OOP Inheritance: Fundamentals, Inheritance & Polymorphism

This article is a definition of terms for inheritance in object-oriented programming – including exam questions and tags.

In a Nutshell

Inheritance allows you to define common properties and behavior in a base class and reuse them in subclasses. The goal is code reuse, polymorphism, and clear type relationships without redundant code.

Compact Technical Description

Inheritance forms an is-a relationship between types, in which a subclass inherits all public and protected features of the base class and can extend or override them.

It enables polymorphism, dynamic binding, and late method selection. Dispatch occurs based on the actual object type at runtime.

A distinction is made between implementation inheritance and interface inheritance, such as via interfaces. The Liskov Substitution Principle requires that subclasses behave like their base class without surprising clients.

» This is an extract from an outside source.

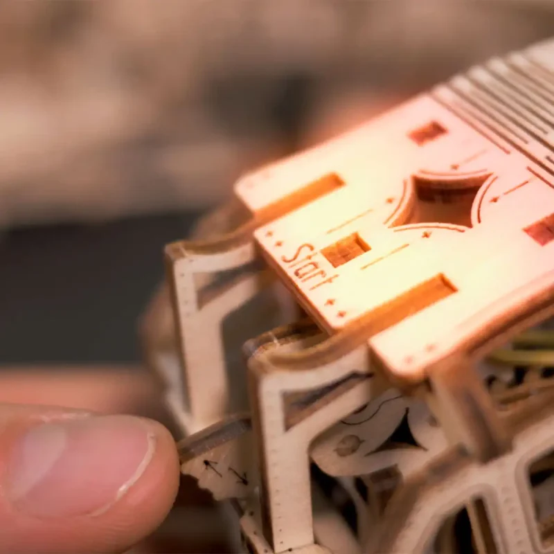 Angetrieben von einem präzisen Gummimotor verspricht der Dream Express jedes Mal eine sanfte Fahrt. Das sorgfältig gestaltete Armaturenbrett steht als Zeugnis für die filigrane Detailgenauigkeit des Modells. Beim Aufziehen erwachen die beweglichen Kolben zum Leben und fangen perfekt die Essenz einer klassischen Lokomotive ein. Der Startschlüssel dient als Herzstück dieses Meisterwerks und setzt den Zug in Bewegung. Ein Starthebel ergänzt die Mechanik und sorgt für ein nahtloses Spielerlebnis. Und für diejenigen, die von längeren Fahrten träumen, ist ein Schienenfragment enthalten, um die Horizonte Ihrer Miniaturwelt zu erweitern.

Problems such as fragile base class, diamond problem, and tight coupling advocate for composition over inheritance when only code reuse without a true is-a relationship is needed.

Exam-Relevant Key Points

• Is-a relationship between subclass and base class
• Polymorphism enables dynamic method calls at runtime
• Liskov Substitution Principle: Subclasses must be replaceable by base classes
• Diamond Problem: Multiple inheritance can lead to ambiguities
• Implementation inheritance vs interface inheritance
• UML representation: Open arrowhead from subclass to superclass
• Access modifiers control extensibility and overridability
• Composition over inheritance for pure code reuse

Core Components

1. Base class (superclass): Common properties and behavior
2. Subclass (subclass): Inherits and extends base class
3. Method overriding: Customized behavior in subclasses
4. Polymorphism: One interface, many implementations
5. Dynamic binding: Method call resolved at runtime
6. Abstract classes: Cannot be instantiated
7. Interfaces: Pure contract definition without implementation
8. Final methods: Cannot be overridden

Practical Example

// Example: Inheritance in animal hierarchy
abstract class Tier {
    protected String name;
    
    public Tier(String name) {
        this.name = name;
    }
    
    public abstract void machGeraeusch();
    
    public void schlafen() {
        System.out.println(name + " schläft.");
    }
}

class Hund extends Tier {
    public Hund(String name) {
        super(name);
    }
    
    @Override
    public void machGeraeusch() {
        System.out.println(name + " bellt: Wuff!");
    }
    
    public void wedleSchwanz() {
        System.out.println(name + " wedelt mit dem Schwanz.");
    }
}

class Katze extends Tier {
    public Katze(String name) {
        super(name);
    }
    
    @Override
    public void machGeraeusch() {
        System.out.println(name + " miaut: Miau!");
    }
}

// Polymorphism in action
Tier[] tiere = {new Hund("Bello"), new Katze("Mimi")};
for (Tier tier : tiere) {
    tier.machGeraeusch(); // Dynamic binding
    tier.schlafen();
}

Advantages and Disadvantages

Advantages

• Code reuse: Define common behavior centrally
• Polymorphism: Uniform treatment of different types
• Extensibility: Add new functionality through subclasses
• Structuring: Clear hierarchies and relationships

Disadvantages

• Tight coupling: Subclasses tightly bound to base classes
• Fragile base class: Changes can break all subclasses
• Diamond Problem: Multiple inheritance can lead to conflicts
• Over-engineering: Inheritance where composition would be better

Common Exam Questions

1. What is the difference between inheritance and composition? Inheritance is an is-a relationship, composition is a has-a relationship. Prefer composition for pure code reuse.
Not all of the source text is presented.